→ What you need to do:
Given these entries, repeat exactly the lines starting with the one that has "Parrucca di Carnevale" and going on through the one that has "Pyro Kids take", both included, but none of the pictures.

→ Given records:
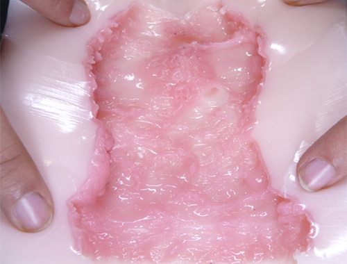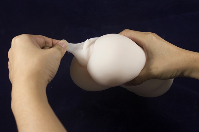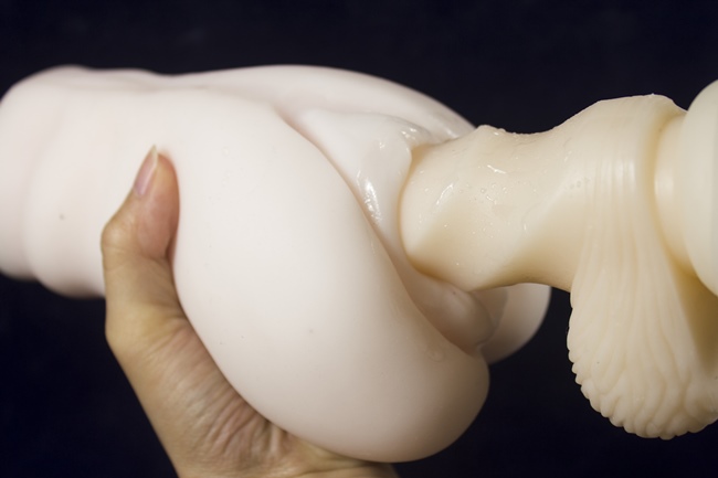看得出來,名器相當有彈性名器本身有些許硬度,並不是軟趴趴的矽膠,所以拿起來的感覺是又厚又有彈性
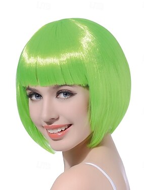 Parrucca di Carnevale 2026 Verde Liscio Ciocca Corto Parrucca sintetica da festival Martedì grasso Parata Capelli per costumi da cosplay per Da donna
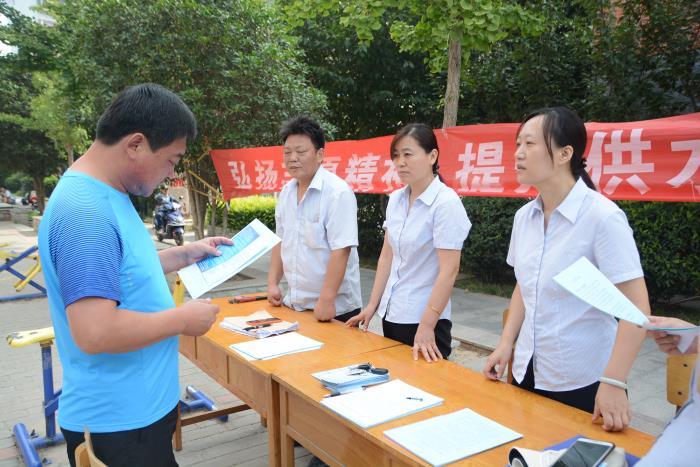 入夏以來,居民用水量增大,用水各種問題也隨之而來,為了給廣大居民日常生活用水排憂解難,使居民放心用水、輕松用水。濮陽市自來水公司持續(xù)開展供水服務進社區(qū)活動,活動中,供水志愿者與社區(qū)居民零距離接觸,耐心解答居民關(guān)心的水價、水質(zhì)、水壓、抄表、收費等問題,同時向現(xiàn)場來訪的居民演示了檢測水質(zhì)的方法,填寫了供水服務征求意見表,居民可對供水壓力、水質(zhì)、抄收員服務態(tài)度、供水設施維修搶修等進行評價。據(jù)了解,本次活動共計發(fā)放用戶服務指南93冊,《河南省城市供水管理辦法》宣傳冊55本,填寫供水服務征求意見表32張,均為滿意。
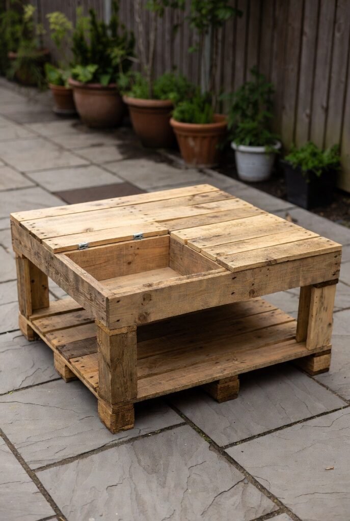 Design the table with open sides or lift-up tops to create storage nooks for magazines, coasters, or blankets. It adds a rustic, custom touch to your patio that you can proudly say you built yourself.
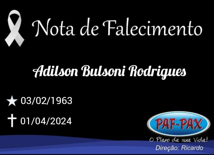 Comunicamos com pesar o falecimento de Adilson Bulsoni Rodrigues, de 61 anos.
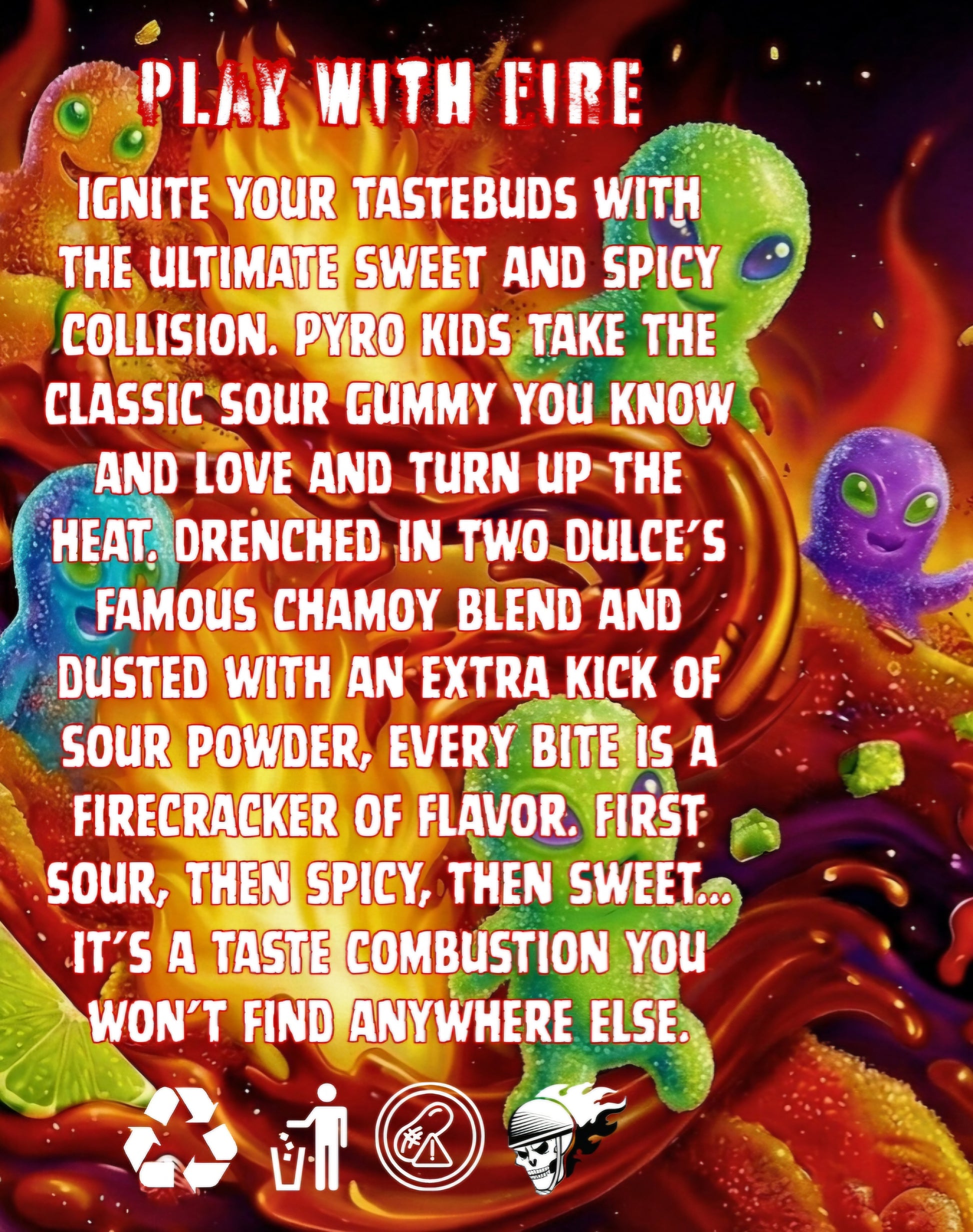Pyro Kids take the classic sour gummy you know and love and turn the volume all the way up to eleven. We don't just sell candy; we orchestrate a flavor riot. First, it hits you with that nostalgic sour punch, then the complex spices kick in, and finally, it settles into a sweet, chewy bliss. It’s a three-stage taste combustion you won’t find anywhere else.
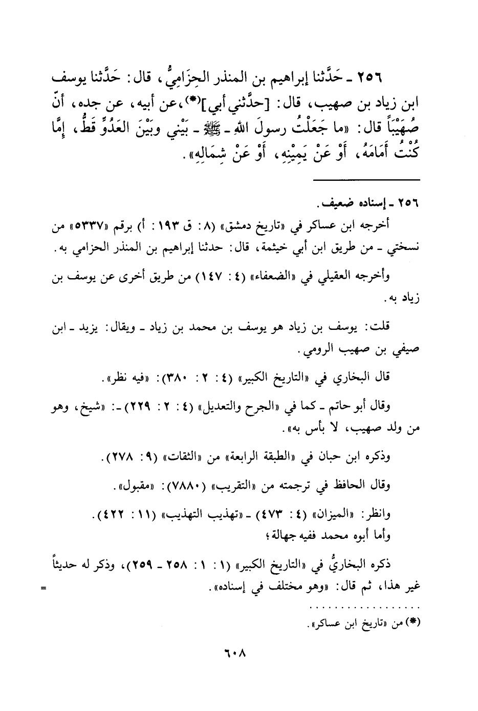 256 - حَدَّثَنَا إِبْرَاهِيمُ بْنُ الْمُنْذِرِ الْحِزَامِيُّ، قَالَ: حَدَّثَنَا يُوسُفُ ابْنُ زِيَادِ بْنِ صُهَيْبٍ، قَالَ: حَدَّثَنِي أَبِي، عَنْ أَبِيهِ، عَنْ جَدِّهِ، أَنَّ صُهَيْبًا، قَالَ: «§مَا جَعَلْتُ رَسُولَ اللَّهِ صَلَّى اللهُ عَلَيْهِ وَسَلَّمَ بَيْنِي وَبَيْنَ الْعَدُوِّ قَطُّ، إِمَّا كُنْتُ أَمَامَهُ، أَوْ عَنْ يَمِينِهِ، أَوْ عَنْ شِمَالِهِ»
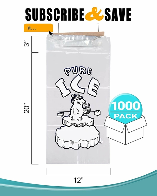 Wicketed Plastic Ice Bags with Twist Ties 12" x 20" + 3"
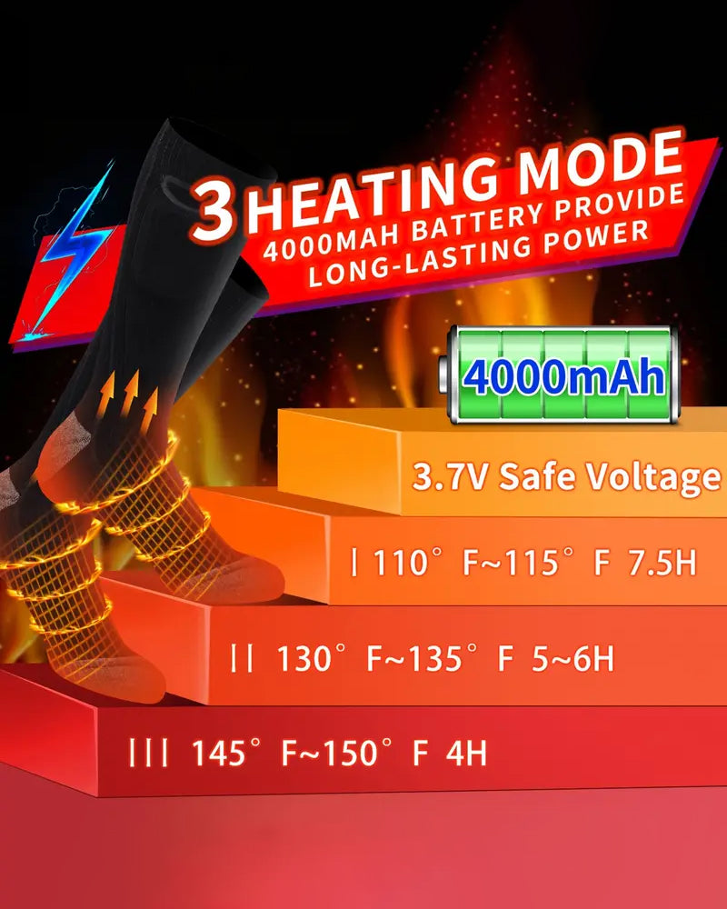 Diese Heizsocken Für Männer Und Frauen sorgen dafür, dass Ihre Füße lange warm und gemütlich bleiben. Erleben Sie Outdoor-Aktivitäten auch bei strengen Winterbedingungen! Leiden Sie nachts immer noch unter kalten Füßen aufgrund unzureichender Durchblutung? Machen Sie sich Sorgen um Erfrierungen an den Füßen beim Wintersport wie Skifahren, Jagen, Wandern oder Camping? Diese Heizsocken sind die ideale Lösung – sie bieten verbesserten Komfort, fortschrittliche Technologie und Bequemlichkeit.

→ Response to the task:
 Parrucca di Carnevale 2026 Verde Liscio Ciocca Corto Parrucca sintetica da festival Martedì grasso Parata Capelli per costumi da cosplay per Da donna
 入夏以來,居民用水量增大,用水各種問題也隨之而來,為了給廣大居民日常生活用水排憂解難,使居民放心用水、輕松用水。濮陽市自來水公司持續(xù)開展供水服務進社區(qū)活動,活動中,供水志愿者與社區(qū)居民零距離接觸,耐心解答居民關(guān)心的水價、水質(zhì)、水壓、抄表、收費等問題,同時向現(xiàn)場來訪的居民演示了檢測水質(zhì)的方法,填寫了供水服務征求意見表,居民可對供水壓力、水質(zhì)、抄收員服務態(tài)度、供水設施維修搶修等進行評價。據(jù)了解,本次活動共計發(fā)放用戶服務指南93冊,《河南省城市供水管理辦法》宣傳冊55本,填寫供水服務征求意見表32張,均為滿意。
 Design the table with open sides or lift-up tops to create storage nooks for magazines, coasters, or blankets. It adds a rustic, custom touch to your patio that you can proudly say you built yourself.
 Comunicamos com pesar o falecimento de Adilson Bulsoni Rodrigues, de 61 anos.
Pyro Kids take the classic sour gummy you know and love and turn the volume all the way up to eleven. We don't just sell candy; we orchestrate a flavor riot. First, it hits you with that nostalgic sour punch, then the complex spices kick in, and finally, it settles into a sweet, chewy bliss. It’s a three-stage taste combustion you won’t find anywhere else.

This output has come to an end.